# Take extra care if you are coming through Calais.



## mistericeman (Feb 25, 2020)

Not my video but posted earlier on Facebook... 
Be a fairly upsetting experience though.... 
Not sure I'd have been as calm as he was though. 






__ https://www.facebook.com/permalink.php?story_fbid=10158442005741742&id=521256741


----------



## Fisherman (Feb 25, 2020)

Sorry to hear this, I hope it has not spoilt your trip.


----------



## mistericeman (Feb 25, 2020)

It wasn't me..... Some poor soul posted it on Facebook earlier though.


----------



## Fisherman (Feb 25, 2020)

mistericeman said:


> It wasn't me..... Some poor soul posted it on Facebook earlier though.

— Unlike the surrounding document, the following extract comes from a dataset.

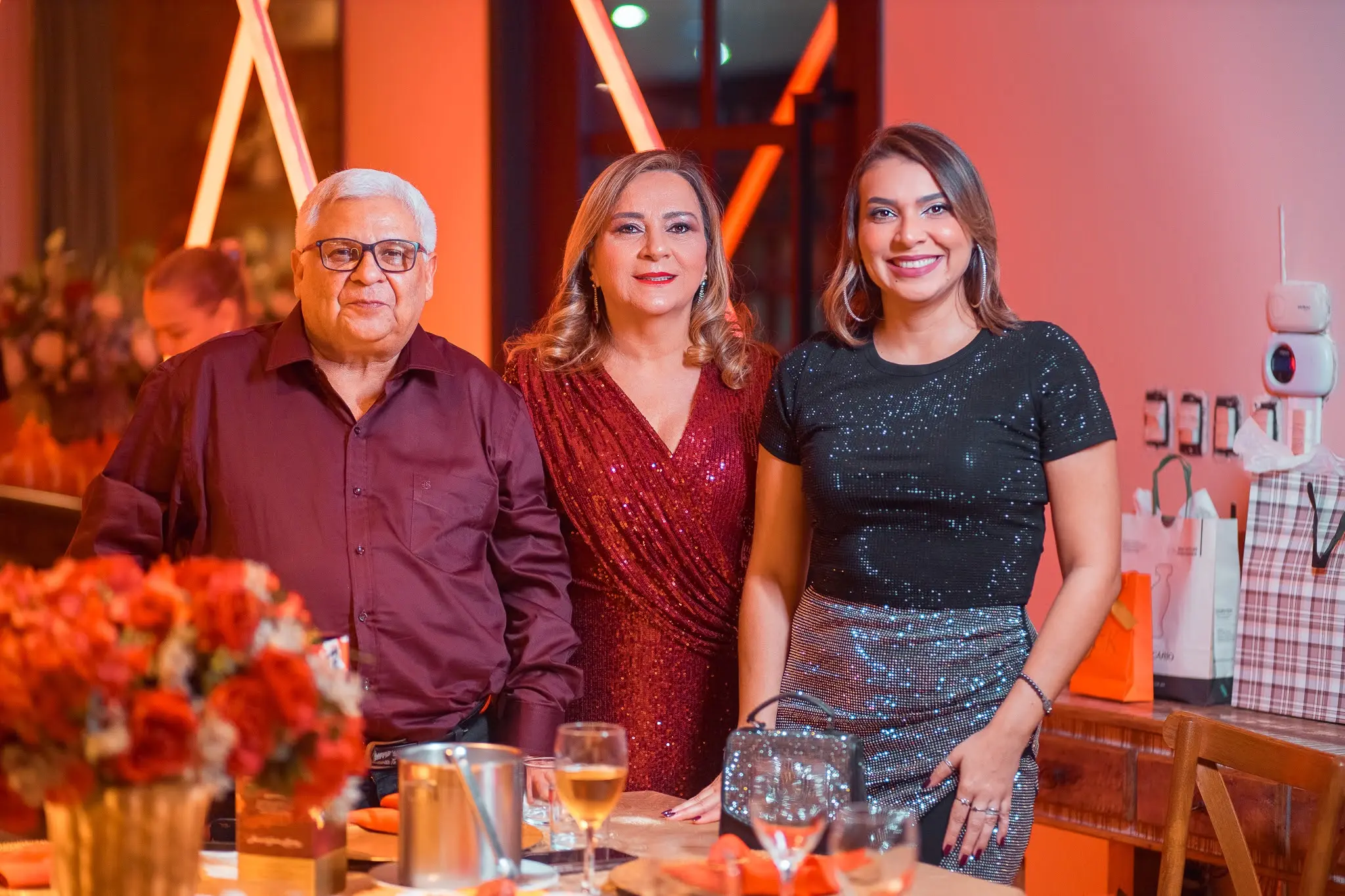 A aniversariante com o esposo, Dr. José Wikens e a filha Isabela.

Sorry, but thanks for the video. These people must be so desperate.


----------



## mistericeman (Feb 25, 2020)

Fisherman said:


> Sorry, but thanks for the video. These people must be so desperate.



I should've made it clearer in my original post (amended now) 

Some undoubtedly are desperate.... 
Rather more are I suspect little more than economic migrants.


----------



## SquirrellCook (Feb 25, 2020)

They only come here for FREE MONEY.  (not available to anyone born here) 

You have to pass through nicer countries to get here.  I'd be gone if I was fluent in another language!


----------



## trevskoda (Feb 25, 2020)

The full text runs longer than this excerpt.